## Input material

________________________________________

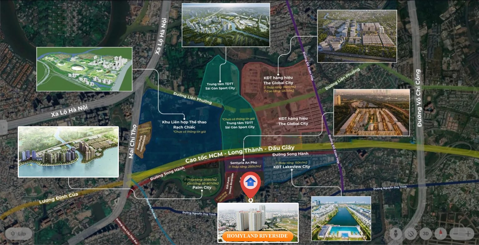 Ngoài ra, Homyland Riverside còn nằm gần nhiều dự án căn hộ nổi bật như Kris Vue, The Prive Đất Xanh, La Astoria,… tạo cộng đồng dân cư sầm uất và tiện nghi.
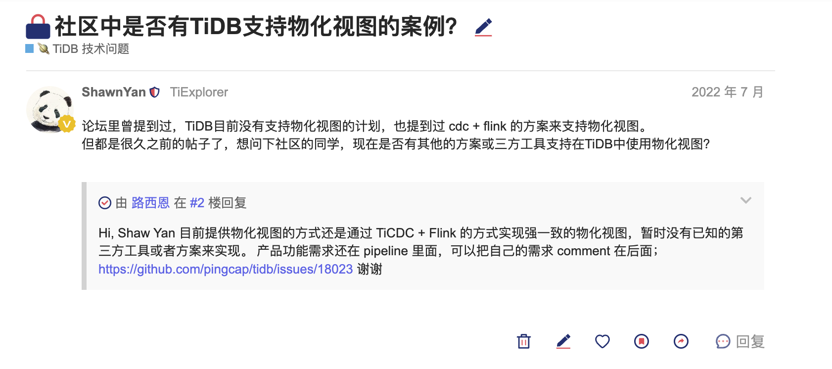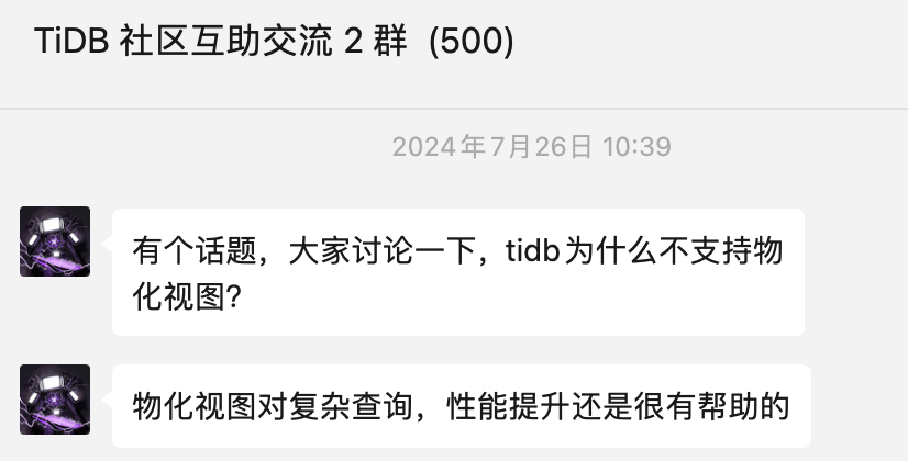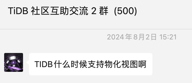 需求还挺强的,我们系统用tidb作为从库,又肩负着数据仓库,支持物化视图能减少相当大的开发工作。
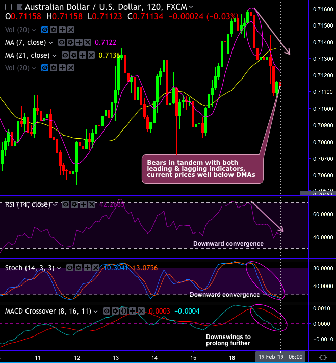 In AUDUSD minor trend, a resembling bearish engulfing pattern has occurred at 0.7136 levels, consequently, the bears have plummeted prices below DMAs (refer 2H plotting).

________________________________________

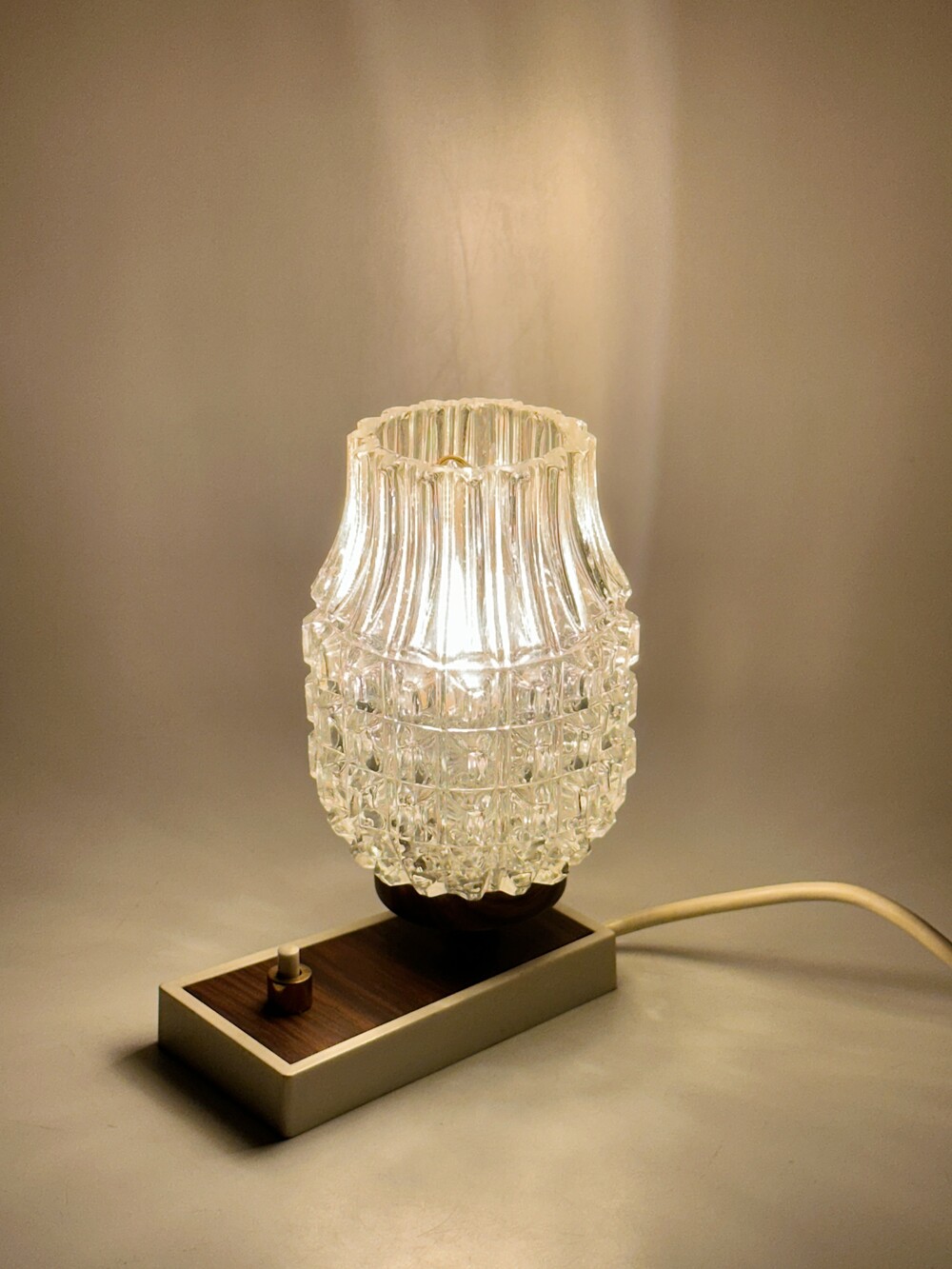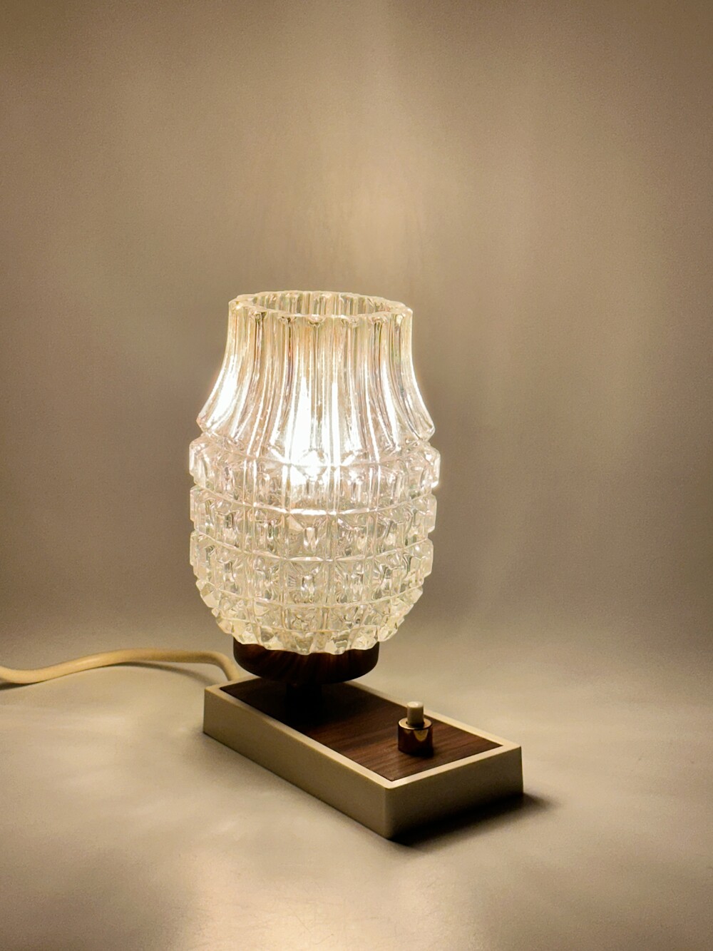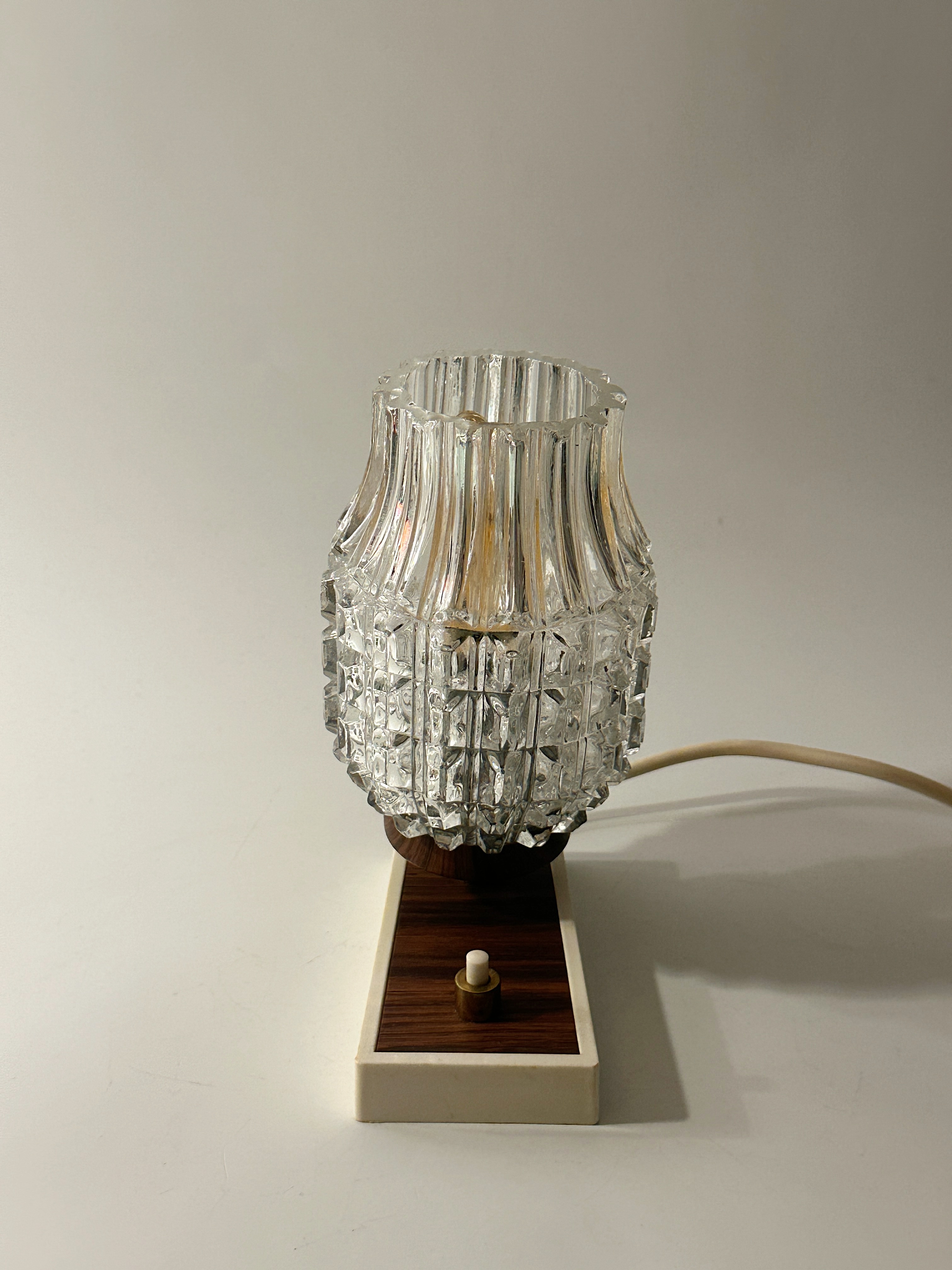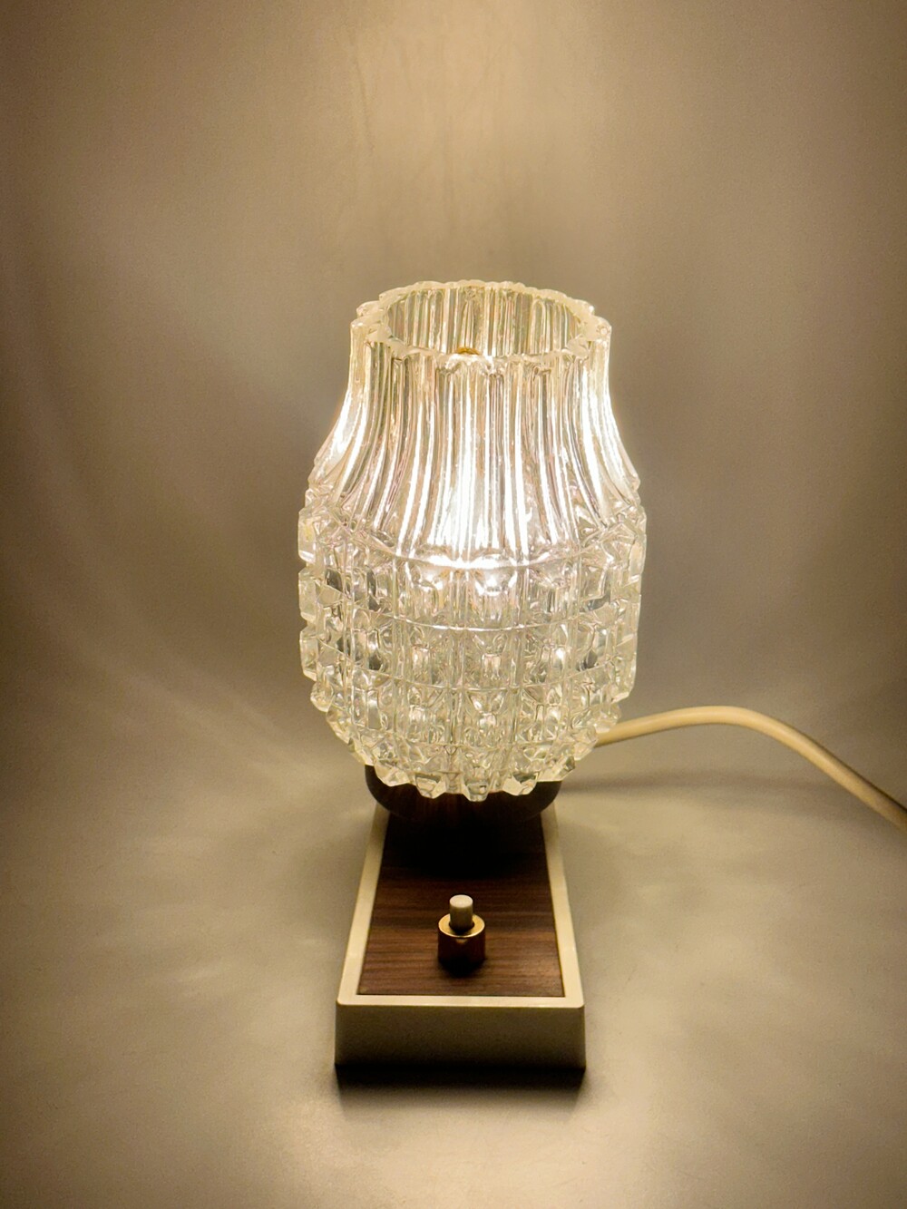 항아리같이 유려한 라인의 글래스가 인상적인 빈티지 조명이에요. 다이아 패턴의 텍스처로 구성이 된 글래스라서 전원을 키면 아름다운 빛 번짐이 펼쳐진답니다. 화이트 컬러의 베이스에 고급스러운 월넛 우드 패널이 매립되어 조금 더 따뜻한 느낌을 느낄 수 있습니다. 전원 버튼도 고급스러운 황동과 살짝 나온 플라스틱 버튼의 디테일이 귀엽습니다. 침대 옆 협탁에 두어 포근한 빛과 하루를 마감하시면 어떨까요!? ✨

________________________________________

## Exercise goal
Of all the material above, only the lines from the one that has "Ngoài ra, Homyland" down to the one that has "In AUDUSD minor" are to be written out, exactly and with both ends included. Pictures are skipped.

## Answer to this exercise
 Ngoài ra, Homyland Riverside còn nằm gần nhiều dự án căn hộ nổi bật như Kris Vue, The Prive Đất Xanh, La Astoria,… tạo cộng đồng dân cư sầm uất và tiện nghi.
 需求还挺强的,我们系统用tidb作为从库,又肩负着数据仓库,支持物化视图能减少相当大的开发工作。
 In AUDUSD minor trend, a resembling bearish engulfing pattern has occurred at 0.7136 levels, consequently, the bears have plummeted prices below DMAs (refer 2H plotting).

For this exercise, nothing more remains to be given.